Indigenous dancers explore relationship to fire in ‘Bayal Kaymanen’
Miriki Performing Arts from Australia and the Northern Pomo Dancers from California are coming together at UC Berkeley to perform on Memorial Glade on Friday, Aug. 2
July 30, 2019
Building a bridge across the Pacific Ocean, two indigenous dance groups — Miriki Performing Arts from Australia and the Northern Pomo Dancers from California — are coming together at UC Berkeley to perform on Memorial Glade on Friday, Aug. 2.
Hosted by the Department of Theater, Dance and Performance Studies, a group of some 40 dancers ages 7 to 70 will perform a series of stories that explore the relationship of fire between the Yidinji Nation from Cairns, Australia, and the Northern Pomo from the Redwood Valley, Rancheria, in California — two of the world’s oldest living cultures.
The performance is called Bayal Kaymanen, which translates to “Dancing Smoke” (“bayal” means “fire and smoke” in the Yidinji language, and “kaymanen” means “dance” in the Pomo language).
Artistic director of Miriki Performing Arts, Pauline Lampton, says the methodology that her company and the Northern Pomo Dancers use is very similar. “We connect our children to our elders, who share their stories — traditional stories, familial stories — with the young people, who then translate them into dances and perform them for audiences.”

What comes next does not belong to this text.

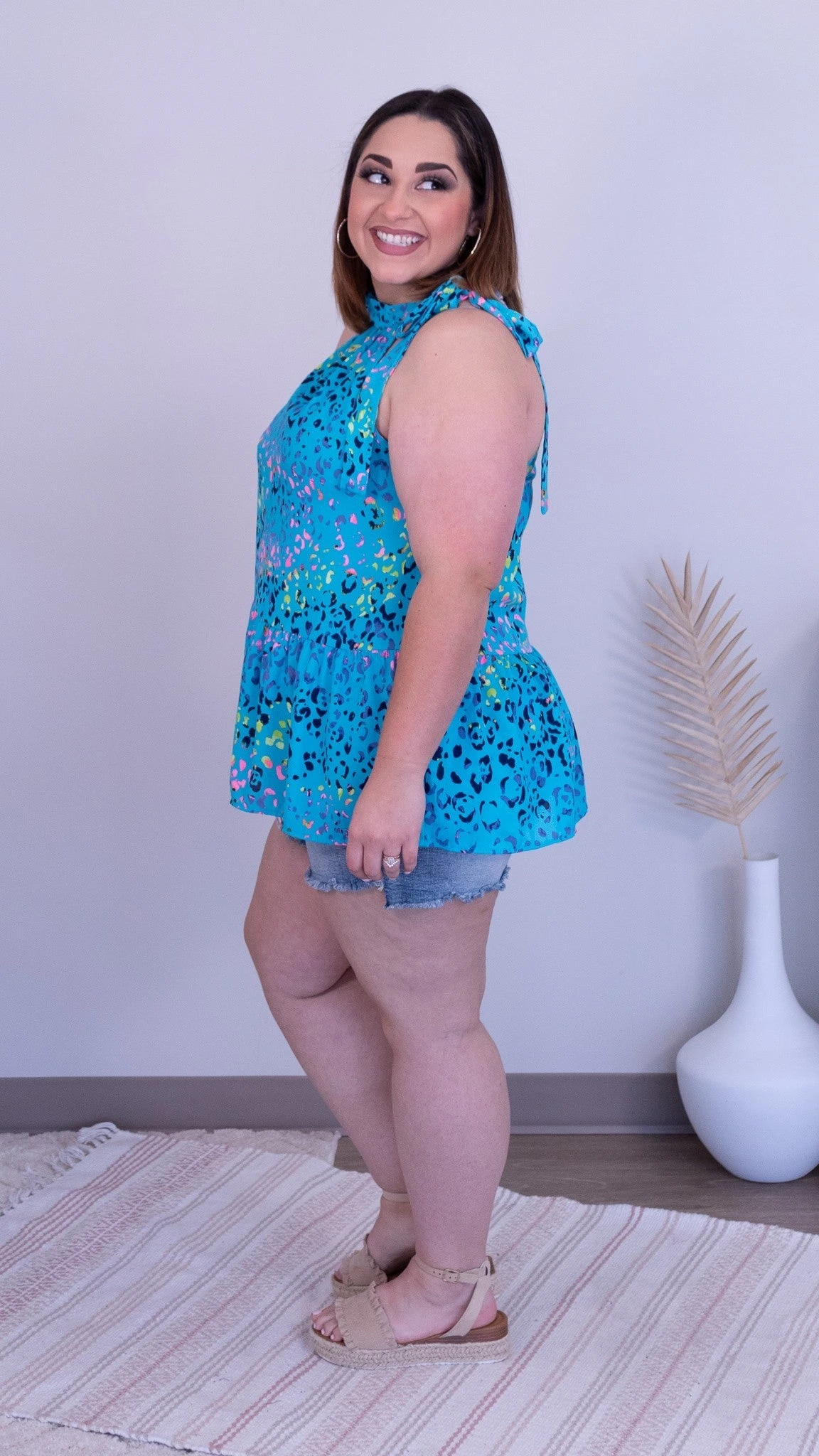Talk about making a statement!! The Summer Solstice Animal Print Halter Top is hot stuff!! We absolutely love the muticolor animal print! Pair this top with white denim shorts and our cute strappy sandals for a complete look!!

After Miriki Performing Arts formed in 2013, Lampton says the company realized it had an opportunity to connect with other indigenous peoples from around the world. In 2017, Miriki visited the Pomo dancers, then invited the group to Australia to create a collaborative project. Through email, Skype and Facebook Messenger, the groups each were able to gather stories from their elders and incorporate them into a performance, which became Bayal Kaymanen.
“We came as visitors, we then became friends, and we left as family,” says Lampton. “And that is what we are. The Pomo and Yidinji are now sister tribes.”
And now, the two groups are performing on Ohlone homelands in Huichin (the Ohlone territory that Berkeley occupies), on which the Berkeley campus was built 150 years ago. Although the dancers are not Ohlone, Ohlone leaders will be at the performance to welcome the performers and to give them permission to dance on their ancestral land.
“It’s about bridging the connections between indigenous people globally,” says Caleb Luna, a fourth-year Berkeley Ph.D. student in performance studies who’s helping to support the project. “It’s part of a longer tradition of honoring native sovereignty and building those global networks of kinship for people who continue to endure the colonization of their lands.”
“I feel, as an artmaker and teacher, that we should strive to understand the land we are on and who the original caretakers of the land are,” says Lisa Wymore, Berkeley’s chair of theater, dance and performance studies, who has been working as part of a larger, continued effort to support indigenous arts and dance. “If we don’t try to connect to the communities and the original caretakers of the land, then we’re doing a disservice to our students.”
Lampton says that, for Miriki Performing Arts, which works with youth ages 4 to 19, performing at UC Berkeley is an opportunity for the company’s dancers to see more of the world and to expand their ideas of what’s possible for them.
“I want our young people to open their minds and think globally and not get stuck in our little world in Cairns, Queensland,” says Lampton. “I want them to know that they can go anywhere. It’s about imparting knowledge to them, so that they can become stronger community leaders, no matter where their journeys take them.”
The 45-minute performance at Berkeley will begin at 8:30 p.m., when the sun goes down. In the first section of the program, the dancers will make fire traditionally: The boys will create the embers of the fire, and the fire keepers will create a fire in a pit that the dancers will perform around. (A fire permit was secured for the event.) Dancers will perform men’s and women’s fire dances, followed by a naming ceremony about how fire and smoke are used to bless children when they receive their names, then traditional dancing from both tribes and a finale.
The event is free and open to the public. Limited seating will be reserved for elders, so attendees should bring chairs or blankets to sit on the grass.